What happened next is why the internet has lost its collective mind. Witnesses say Eliza didn’t tiptoe in quietly. She owned the entrance. Her hair was in a messy bun that looked suspiciously like last night’s ponytail. She was clutching a to-go bag that was actively leaking maple syrup onto the carpet. Yet, she had the swagger of a CEO arriving early.
If you haven’t seen the clip, here is the setup: Eliza, dressed in what looks like a half-buttoned blouse and mismatched earrings, bursts through the glass doors of her office building at 9:47 AM—a full 47 minutes late for a 9:00 AM Q3 budget meeting. According to office lore, her manager, "Steve from Accounting," had already printed the "Tardy Policy" addendum and placed it on her keyboard.
"You were saying?"
She then produced a crumpled bagel from her purse, took a bite, and asked Steve from Accounting, "Did you move the microwave again? Because I refuse to eat a cold bagel while discussing Q3 projections."
We’ve all had those mornings. The ones where the universe conspires against you. The alarm doesn’t go off, the coffee machine rebels, and traffic lights turn red the second you approach them. eliza ibarra late for work
Now go microwave your bagel. And don't burn the place down. Disclaimer: This is a work of satire. No Elizas or Steves from Accounting were harmed in the making of this blog post. But honestly? We’ve all been her.
While Eliza was defending her tardiness, the fire alarm went off.
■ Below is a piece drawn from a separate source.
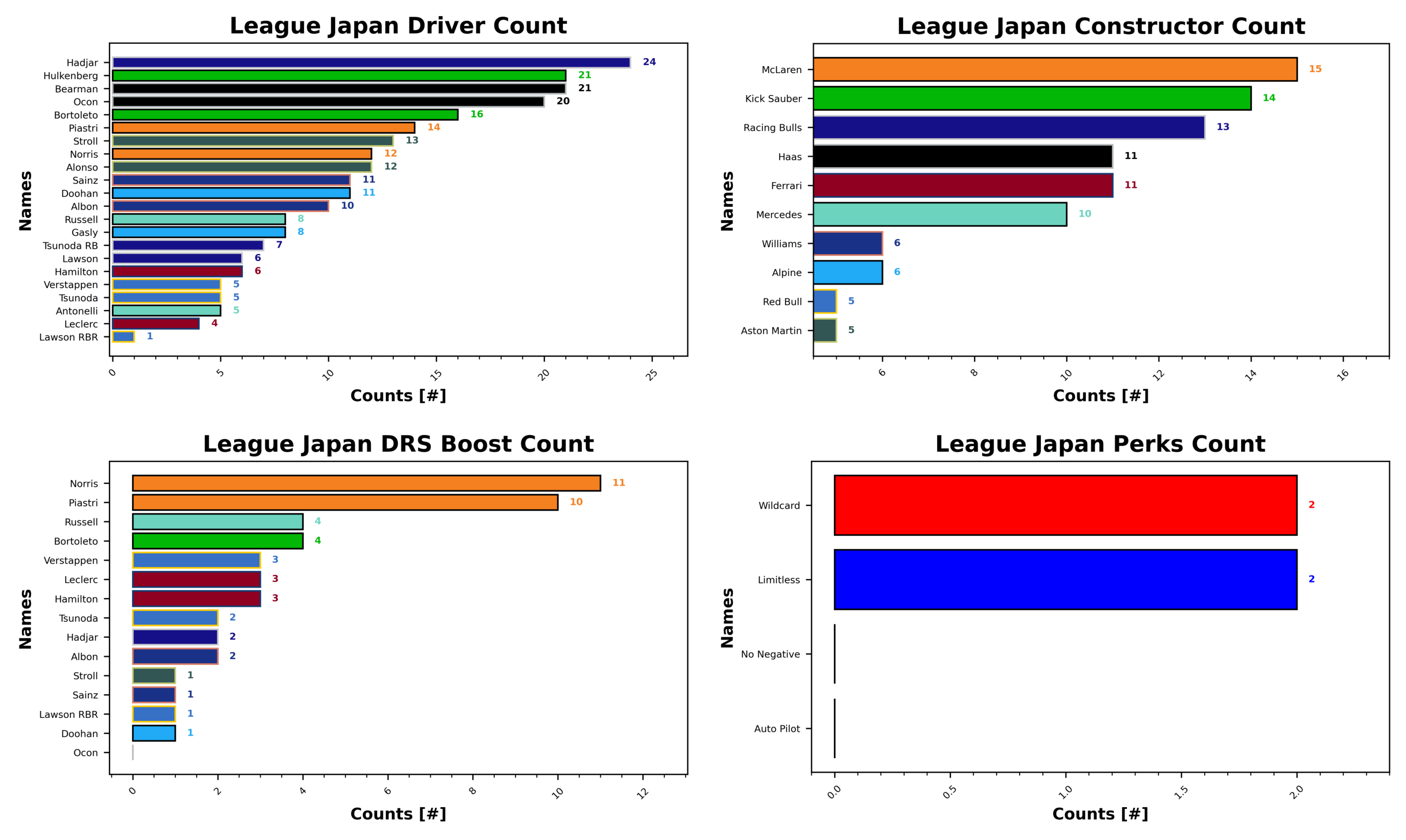Isack Hadjar was your most selected driver this week, making it into your teams 24 times. Hulkenberg and Bearman next with 21 selections across your squads. Ocon is in third with 20 selections, so very popular Haas are this week. Bortoleto is in fourth place with 16 of you choosing the rookie. Oscar Piastri rounds out the top selected drivers with 14. Liam Lawson’s Red Bull token is kicking around somewhere with 1 selection, Charles Leclerc is your least selected driver with 4. Tsunoda, Antonelli, and Verstappen are in third with 5 selections each. Then it’s Lawson and Hamilton with 6, with Yuki Tsunoda’s Racing Bulls token rounding out the bottom five with 7.

Apparently, someone in the breakroom did move the microwave, and they set a popcorn bag on fire. As the entire office evacuated, Eliza grabbed the fire extinguisher, put out the small blaze, saved the office pet hamster (Mr. Whiskers), and then looked Steve dead in the eye. What happened next is why the internet has
But for Eliza Ibarra, last Tuesday wasn't just a bad morning. It was a masterclass in chaos.